• _Problem to solve_
In the records below, the relevant part opens with the line containing "胡散臭い通販商品みたいなあだ名 | 『モテモテ間違いなし霊験あらたかなお札…その名も「たけだゆい」』 |" and closes with the line containing "Spálni dominuje čalúnená"; print that part exactly and only, without its pictures.

• _Records for processing_
[Start of Attachment]
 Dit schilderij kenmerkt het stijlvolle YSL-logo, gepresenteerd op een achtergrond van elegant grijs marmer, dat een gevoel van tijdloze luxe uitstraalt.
[End of Attachment]
[Start of Attachment]
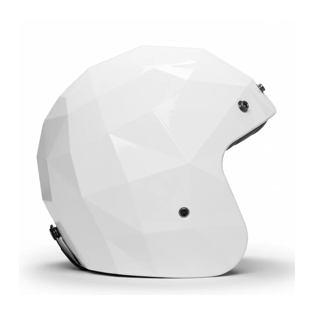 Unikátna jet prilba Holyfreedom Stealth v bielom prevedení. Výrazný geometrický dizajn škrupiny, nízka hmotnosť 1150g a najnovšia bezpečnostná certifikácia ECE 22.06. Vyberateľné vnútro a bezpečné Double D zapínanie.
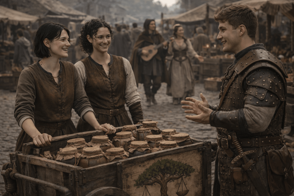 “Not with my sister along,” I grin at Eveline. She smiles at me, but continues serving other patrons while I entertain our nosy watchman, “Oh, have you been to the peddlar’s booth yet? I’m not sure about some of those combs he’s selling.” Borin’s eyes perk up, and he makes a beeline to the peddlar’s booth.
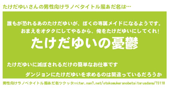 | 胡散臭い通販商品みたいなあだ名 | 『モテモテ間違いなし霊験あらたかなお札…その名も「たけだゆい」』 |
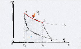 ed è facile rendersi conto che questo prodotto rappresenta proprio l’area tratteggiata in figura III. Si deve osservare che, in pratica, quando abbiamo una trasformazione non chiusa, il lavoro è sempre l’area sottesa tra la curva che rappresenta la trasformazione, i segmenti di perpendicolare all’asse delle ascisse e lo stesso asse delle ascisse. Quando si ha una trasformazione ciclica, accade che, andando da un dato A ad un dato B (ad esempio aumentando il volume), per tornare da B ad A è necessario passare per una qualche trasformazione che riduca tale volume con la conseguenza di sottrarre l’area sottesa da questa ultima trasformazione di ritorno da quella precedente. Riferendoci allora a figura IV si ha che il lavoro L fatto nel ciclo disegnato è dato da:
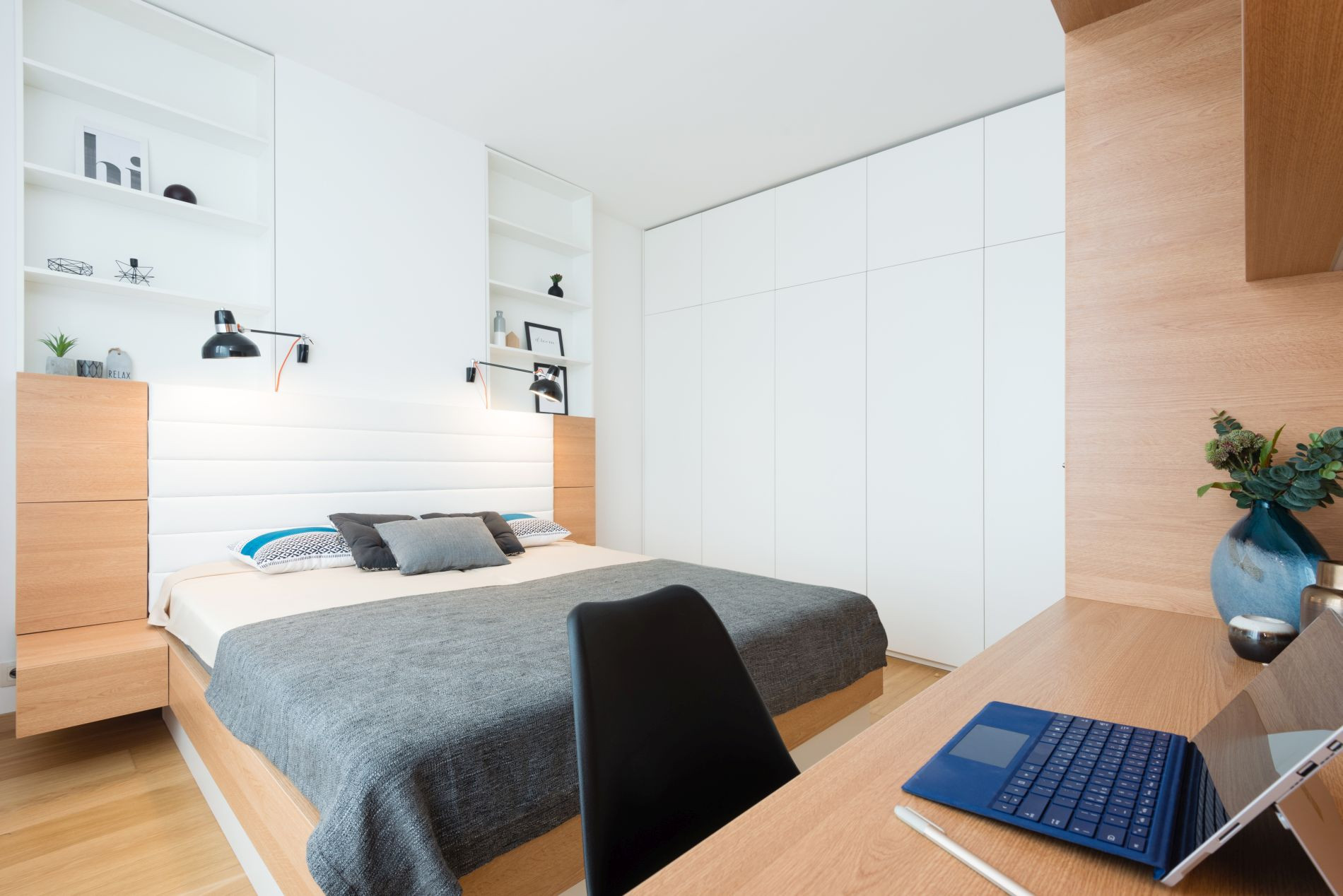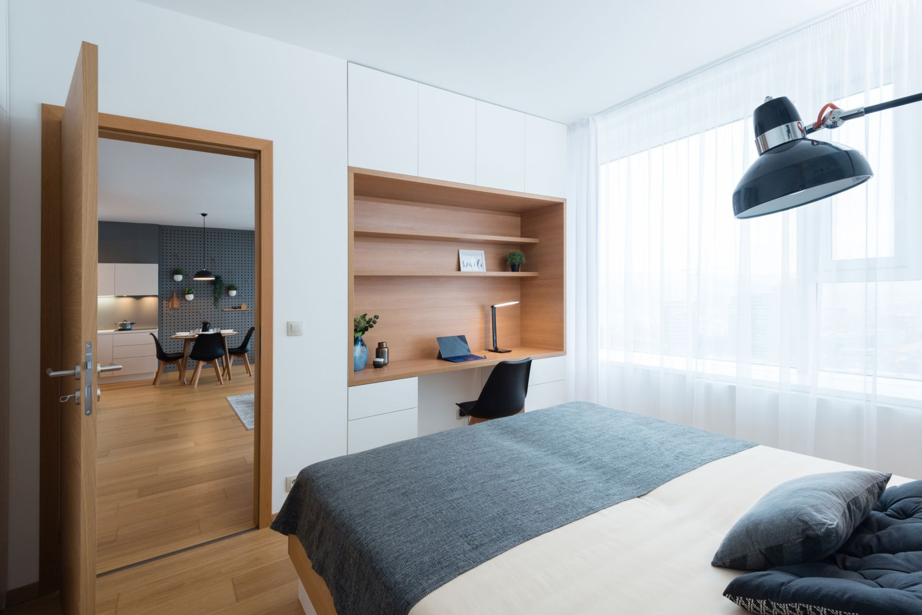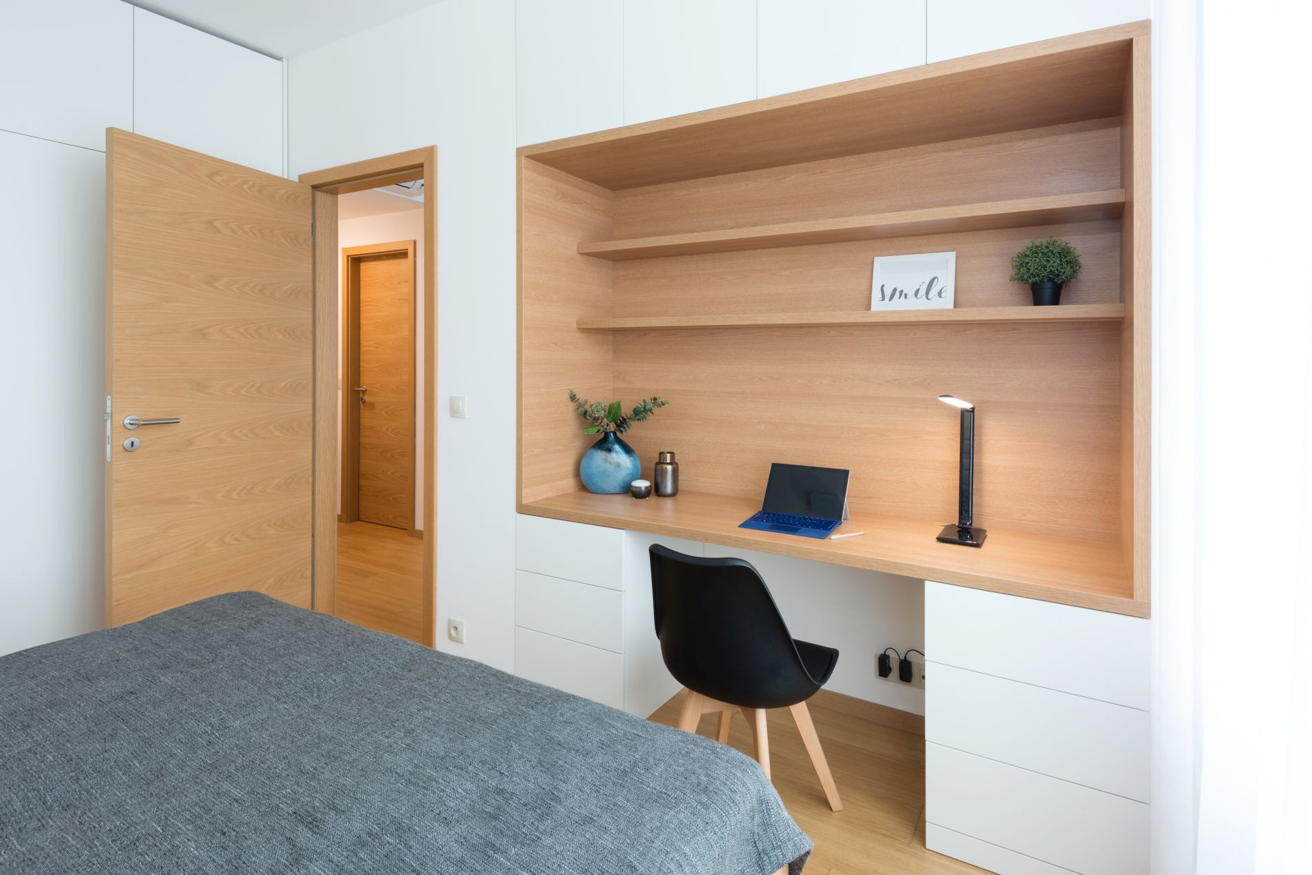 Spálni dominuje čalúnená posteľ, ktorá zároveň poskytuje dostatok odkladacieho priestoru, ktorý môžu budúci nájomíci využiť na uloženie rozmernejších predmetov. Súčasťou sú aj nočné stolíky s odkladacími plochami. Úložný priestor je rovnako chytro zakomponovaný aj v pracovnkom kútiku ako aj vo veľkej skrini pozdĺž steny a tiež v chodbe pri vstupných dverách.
[End of Attachment]
[Start of Attachment]
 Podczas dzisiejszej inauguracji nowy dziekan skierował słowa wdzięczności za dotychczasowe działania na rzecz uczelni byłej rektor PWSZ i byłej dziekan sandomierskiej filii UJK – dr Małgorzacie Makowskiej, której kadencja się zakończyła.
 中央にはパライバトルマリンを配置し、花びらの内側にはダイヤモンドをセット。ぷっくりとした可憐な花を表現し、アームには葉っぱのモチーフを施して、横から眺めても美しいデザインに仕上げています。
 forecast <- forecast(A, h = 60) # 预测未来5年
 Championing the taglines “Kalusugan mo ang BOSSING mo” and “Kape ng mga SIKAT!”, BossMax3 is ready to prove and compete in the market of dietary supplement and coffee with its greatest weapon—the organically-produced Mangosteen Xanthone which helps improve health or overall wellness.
[End of Attachment]
• _Solution to this problem_
 | 胡散臭い通販商品みたいなあだ名 | 『モテモテ間違いなし霊験あらたかなお札…その名も「たけだゆい」』 |
 ed è facile rendersi conto che questo prodotto rappresenta proprio l’area tratteggiata in figura III. Si deve osservare che, in pratica, quando abbiamo una trasformazione non chiusa, il lavoro è sempre l’area sottesa tra la curva che rappresenta la trasformazione, i segmenti di perpendicolare all’asse delle ascisse e lo stesso asse delle ascisse. Quando si ha una trasformazione ciclica, accade che, andando da un dato A ad un dato B (ad esempio aumentando il volume), per tornare da B ad A è necessario passare per una qualche trasformazione che riduca tale volume con la conseguenza di sottrarre l’area sottesa da questa ultima trasformazione di ritorno da quella precedente. Riferendoci allora a figura IV si ha che il lavoro L fatto nel ciclo disegnato è dato da:
 Spálni dominuje čalúnená posteľ, ktorá zároveň poskytuje dostatok odkladacieho priestoru, ktorý môžu budúci nájomíci využiť na uloženie rozmernejších predmetov. Súčasťou sú aj nočné stolíky s odkladacími plochami. Úložný priestor je rovnako chytro zakomponovaný aj v pracovnkom kútiku ako aj vo veľkej skrini pozdĺž steny a tiež v chodbe pri vstupných dverách.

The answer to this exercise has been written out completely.